Free movement and discrimination: the case of football
The more you open markets up, the less discrimination you get on grounds of 'taste' (racism). The stuff left over is usually 'statistical' (i.e. where certain groups are different in their average levels of job-relevant criteria). There was already a great paper showing this for the Fantasy Premier League (which I play avidly), but now there's also one for the real Premiership! Pierre Deschamps and José de Sousa look at the impact of the 1995 Bosman Ruling on the gap between black and white footballer wages in the English league. They find that when only 20 clubs competed for their skills, black players were underpaid relative to white ones, indicating that owners were able to indulge their preference against non-whites (or indulge their fans' preferences).

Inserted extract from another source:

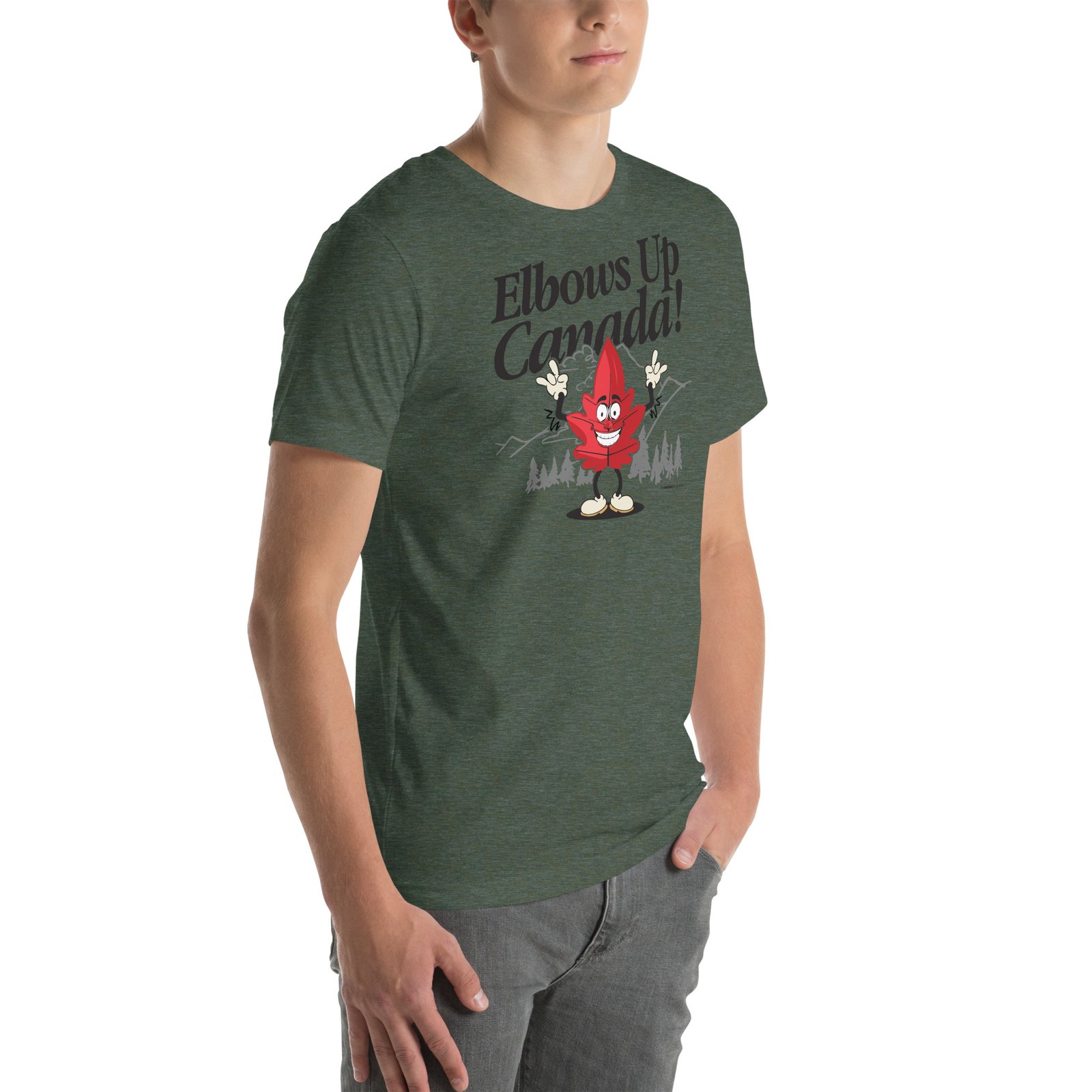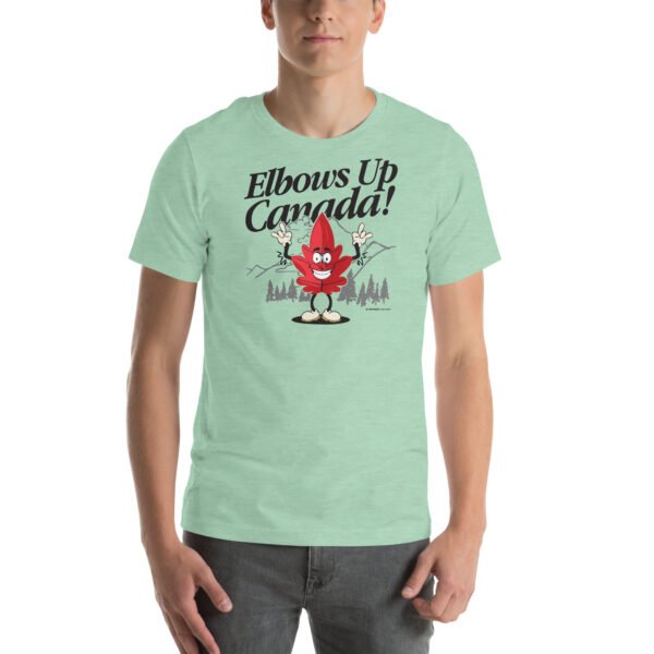 The “Elbows Up Canada!” solidarity slogan with our Maple Leaf Mascot is printed on the Bella + Canvas 3001. It is soft and lightweight with the right amount of stretch, so it’s comfortable and flattering for all.

But once the whole of Europe were effectively on an equal footing, blacks became highly mobile and garnered equal pay for their efforts:
This paper assesses the impact of labor mobility on racial discrimination. We present an equilibrium search model that reveals an inverted U-shaped relationship between labor mobility and race-based wage differentials. We explore this relationship empirically with an exogenous mobility shock on the European soccer labor market. The Bosman ruling by the European Court of Justice in 1995 lifted restrictions on soccer player mobility.
Using a panel of all clubs in the English first division from 1981 to 2008, we compare the pre- and post-Bosman ruling market to identify the causal effect of intensified mobility on race-based wage differentials. Consistent with a taste-based explanation, we find evidence that increasing labor market mobility decreases racial discrimination.
The figure below shows how the 'turnover' (i.e. churn between clubs) of black English players jumped when European markets opened up. Market freedoms; exit; a sort of 'voting with their feet', outperformed voice in bringing equality. And we know from ASI research that this did not harm the English national team.
This is in line with a lot of what we have been saying recently—markets are a good way to bring about justice!
Markets don't like racism
It is a commonplace to the point of boringness among advocates of free markets that they make people pay to discriminate based on their tastes. A factory owner who restricts employment to whites only will face a narrower talent pool—likely paying higher wages for lower skills in total or on average. Southern US states had to pass laws to try and stop employers competing with each other over black labour and bidding up their wages.
Even owners of basketball clubs believed to be personally racist have disproportionately black teams, paying them huge sports star wages. However, not all ethnic groups have similarly prestigious or high-flying careers, and they do not all take home equal market incomes. It would be easy to jump to the conclusion that taste-based discrimination is driving this and the market isn't doing its job fully. But there is an alternative.
Employers cannot observe an employee's productivity directly, at least before they employ them. But they can observe some things about them that signal productivity—using statistics. For example, if on average south Asians or Polish migrants tend to work harder than white Brits, they can use this fact about them to help make their employment decision. This isn't racist—they don't prefer employing south Asians, and they would be equally happy to pay a white Brit £6.50 an hour to produce £7 of stuff—it's just that on average south Asians produce £7 of stuff an hour (say), whereas white Brits produce £6.40.
Which one is actually in place? We can test this. The answer is a resounding 'statistical discrimination'. For example, minorities in France did worse when a large randomised study made them anonymous in job applications—so firms couldn't see their names and thus ethnicities—implying that the reason they were called back and employed less was because their resumes/CVs were less attractive.
In Germany, job applicants with Turkish-sounding names got less callbacks than those with German-sounding names—unless both applicants had a favourable employment history reference. Then, for a given quality of reference, employers didn't care whether they were Turkish or German. On eBay, white sellers receive lower prices selling stereotypically black products and black sellers receive lower prices selling stereotypically white products, but these differences go away when sellers build up credible reputations.
US "landlord response rates across neighborhood racial compositions conform to the statistical discrimination model where agents use past experience to predict applicant quality by race." In the Israeli used car market there is "robust evidence of discrimination against Arab buyers and sellers which, the analysis suggests, is motivated by ‘statistical’ rather than ‘taste’ considerations." In an experiment selling iPod Nanos online, its being held by a black hand made buyers warier, to a similar degree as its being held by a tattooed white hand.
People do no racial discrimination whatsoever, and choose entirely based on expected points return, when picking their fantasy football team. Finally, even most of shared renting decisions in London are based on statistical concerns (some ethnic groups commit more crimes per capita), rather than personal preferences over races and ethnicities.
It is perfectly well and good to lament the fact that for whatever reason, some ethnic groups are less qualified, systematically less hard-working, achieve worse educational results, commit more crimes or whatever. This might be the result of discrimination on some other margin. But we can be pretty sure that markets are picking only on the criteria we want them to use.